I know you guys will probably find a horribly noobish mistake , but
please remember I started learning C all of like 48 hours ago.
 
M

Mike Wahler

ext_u said:
Ok I thought I would try to take the program one thing at a time. (If
you remember my last post I am trying to make a histogram with data on
the size of each word)
Anways first .. I obviously need to determine what a word actually is.
I wrote this program on my own without looking at the book or any
other resource once.

#include <stdio.h>
main()

int main()

Encouragement:

Very good. Many novices make the mistake of
defining a 'char' for getchar() to store data
in. It must be 'int' as you have it, so it
can store EOF which is not guaranteed to fit
in a char.

int nword, nother;

nword = nother = 0;

Informative:

Rather than defining and then assigning after the fact,
you can give your variable initial values at definition time:

int nword = 0;
int nother = 0;

I recommend defining only one variable per line.
The reasons for this will become evident as you progress
(essentially makes the code easier to read and maintain,
and prevents possibly 'silly' mistakes, especially when
you start to work with pointers).

while ((c = getchar()) != EOF)
{
if (c == ' ' ¦¦ '\t' ¦¦ '\n')
++nother;
else
++nword;
}
printf("Words = %d\nOther = %d", nword, nother);
}

I am basically just trying to tell the computer anything that is not a
blank space, a tab , or a newline is a word...

More encouragement:

Well, I'm sure you realize that's not the ultimate goal,
but I'm glad to see you simplify things so you can get
*something* working.
BUT everytime I run the program it adds to only the nother variable.
I can't figure out why, no matter what I type. I thought I had
written this program well and I even sketched it out on paper
beforehand , hehe.

That is a very good idea, although in this case, it doesn't
help. :-( Your problem is a misunderstanding of operator
syntax.
I know you guys will probably find a horribly noobish mistake , but
please remember I started learning C all of like 48 hours ago.
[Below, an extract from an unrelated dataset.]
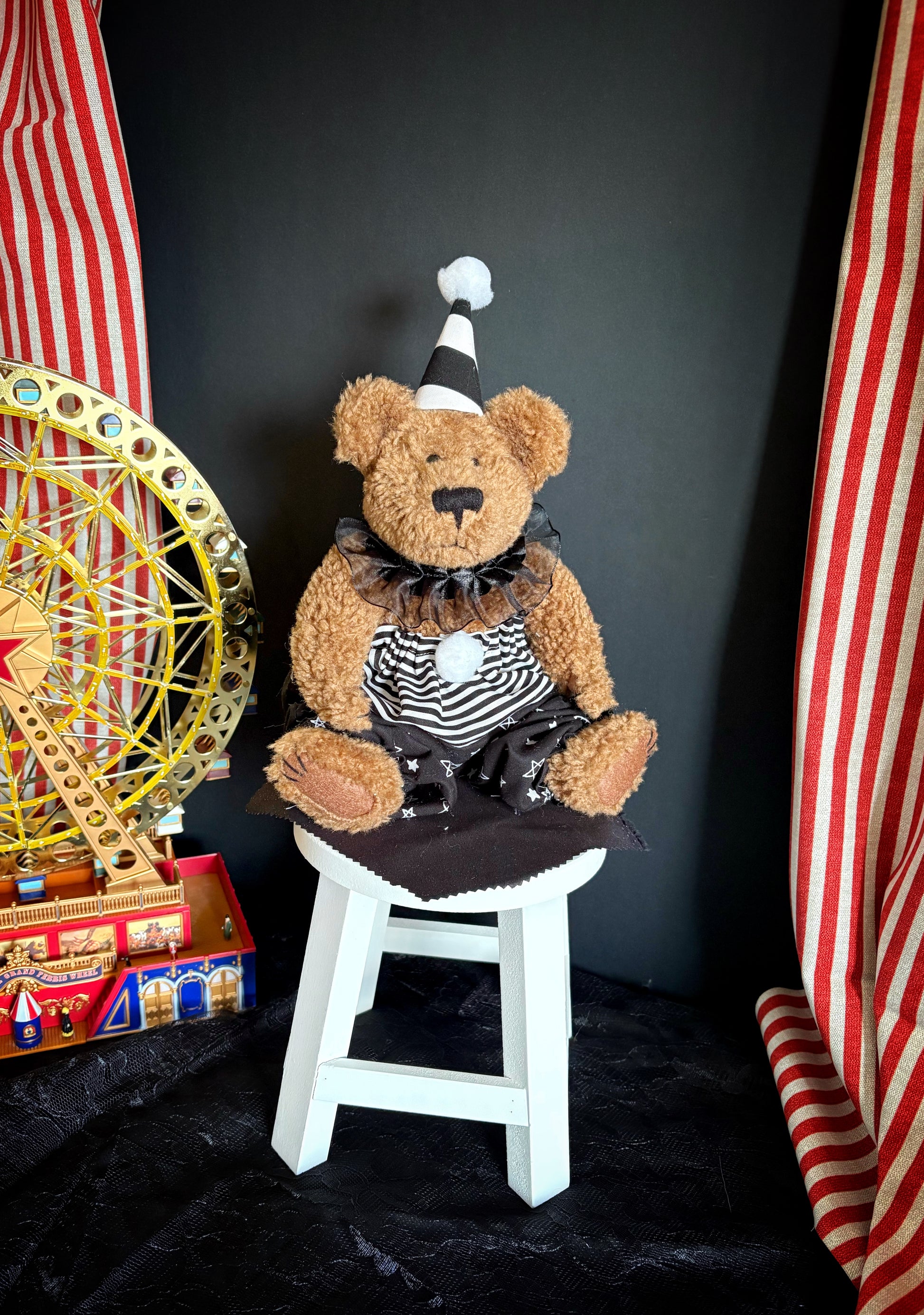 Buttons’ Band of Misfit Bears are secondhand bears lovingly restored by Tilly, dressed in carnival charm with hand-sewn outfits, and welcomed into the circus under Buttons’ gentle guidance.
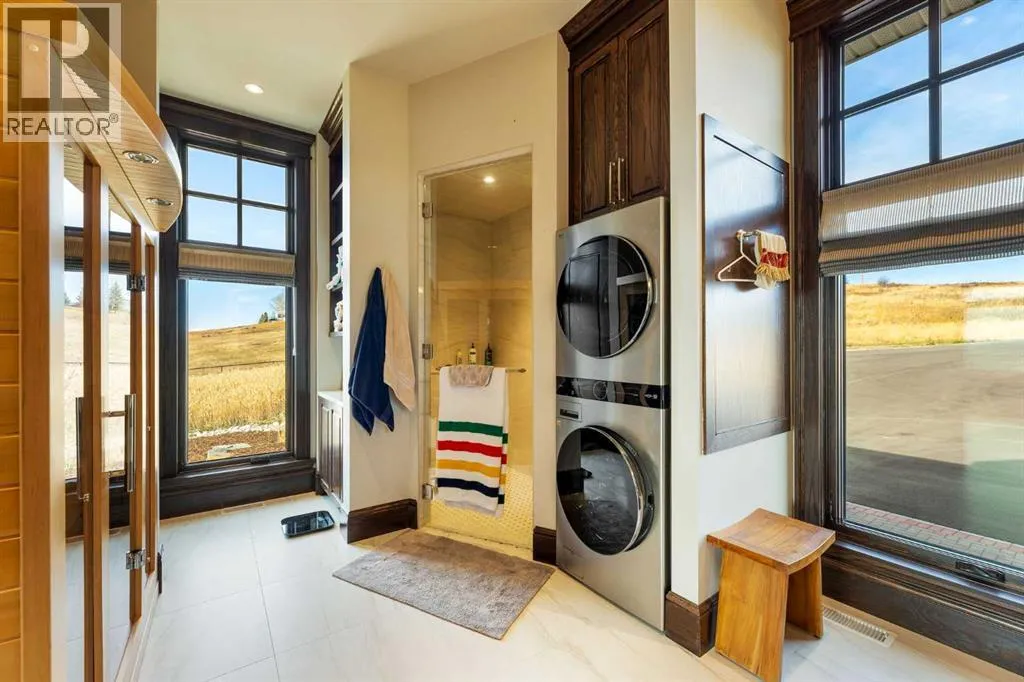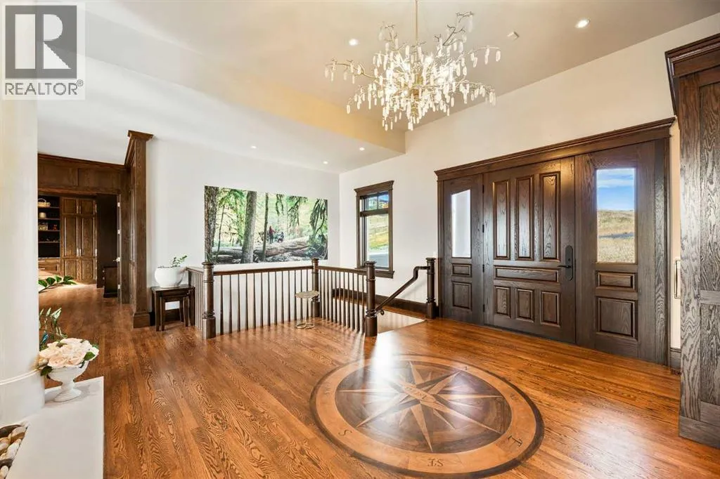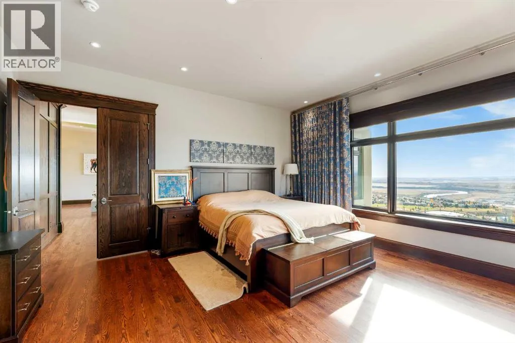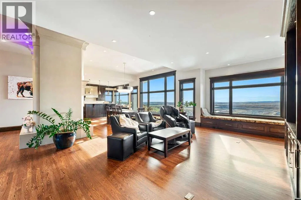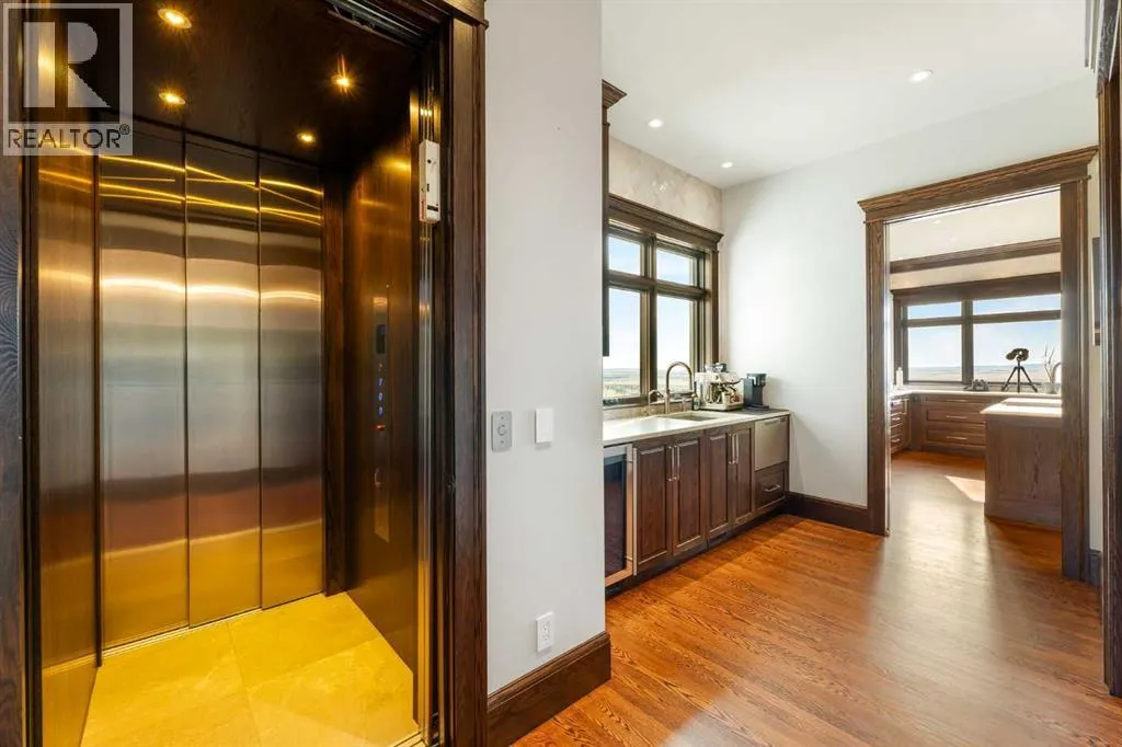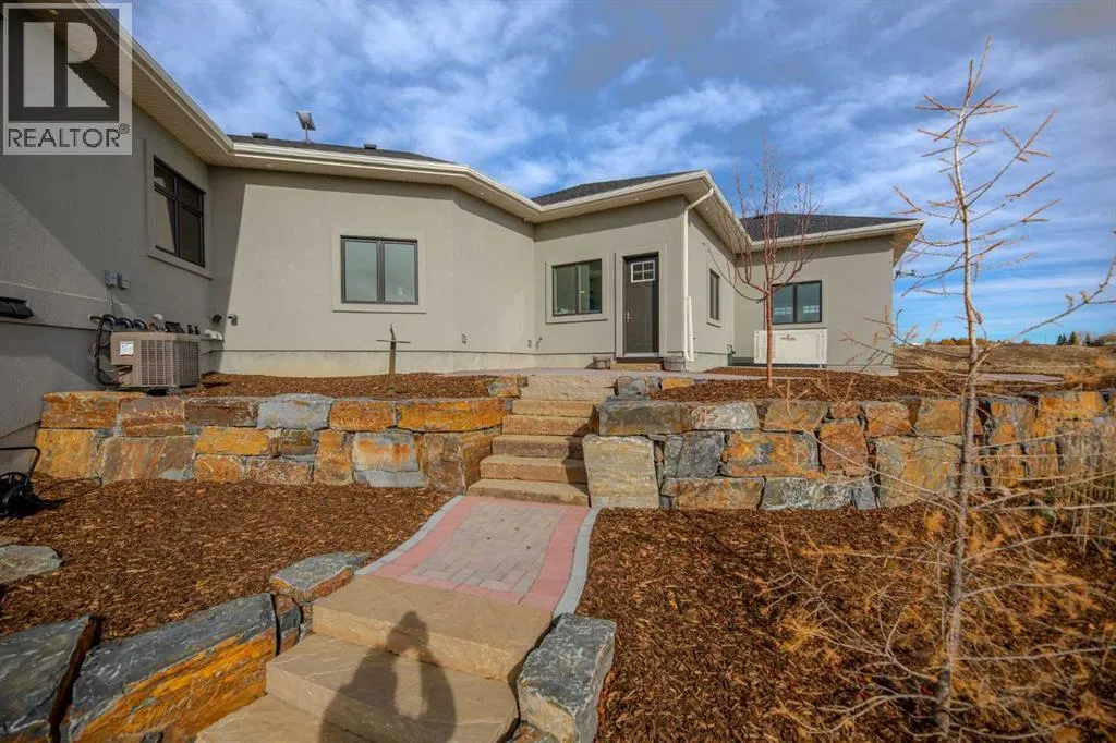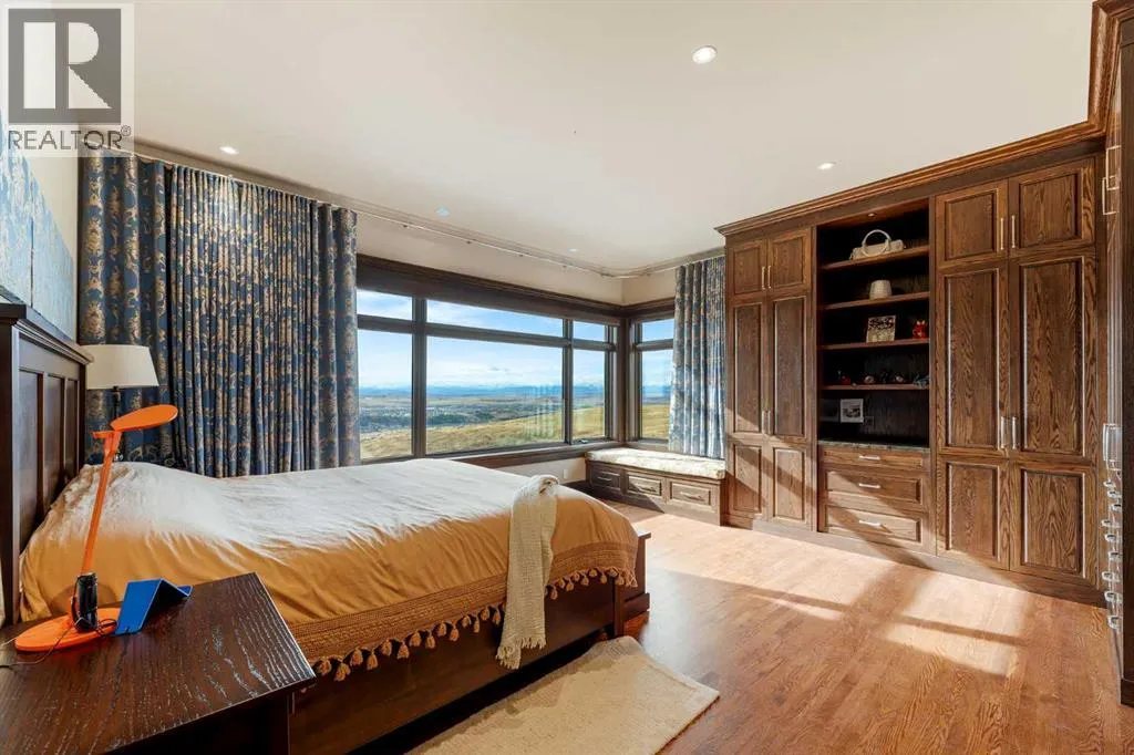 Nestled on 11.76 acres of pristine land, this magnificent 4500 SF walk-out bungalow offers breathtaking panoramic views of the mountains, valley, and Town of Cochrane. Meticulously crafted by McKinley Masters, this home seamlessly blends luxury, comfort, and functionality. The entry features a water wall and expansive windows that highlight the stunning views. The open living area includes a sitting room, dining area, and a chef's kitchen with a timeless scullery and walk-in pantry. The primary bedroom offers spectacular views, a 4-piece ensuite with a dry sauna and laundry facilities, plus a large walk-in closet. The main level also includes a 2-piece bath, elevator, and large mudroom leading to a 4-car (66 x 30) garage with epoxy flooring, dog wash, side attached single garage and elevator access. The lower level has 2 bedrooms, a 4-piece bath, a 3-piece ensuite, a media room, a private office, and a studio opening onto a covered and screened patio with a fire pit. Outdoor features include a front gate with a paved drive, fully fenced property, and stunning landscaping. Additional amenities are a powered C-Can for extra storage, and utilities serviced to the west side of the home. Call today to view. (id:27476)

Yes, you did make a (very common) novice mistake. Don't feel bad,
many others have done this. The problem is with your statement:

if (c == ' ' ¦¦ '\t' ¦¦ '\n')
++nother;

The comparison operator (==) takes exactly two operands.
You supplied 'c' as the 'left-hand' operand, and the
expression, ( ' ' || '\t' || '\n' ) as the 'right-hand'
operand. The 'logical or' operator (||) returns true
if either of its operands yields a nonzero (true) value.
None of ' ', '\t', or '\n' have a value of zero, so 'or-ing'
any or all of them together will always yield nonzero (true).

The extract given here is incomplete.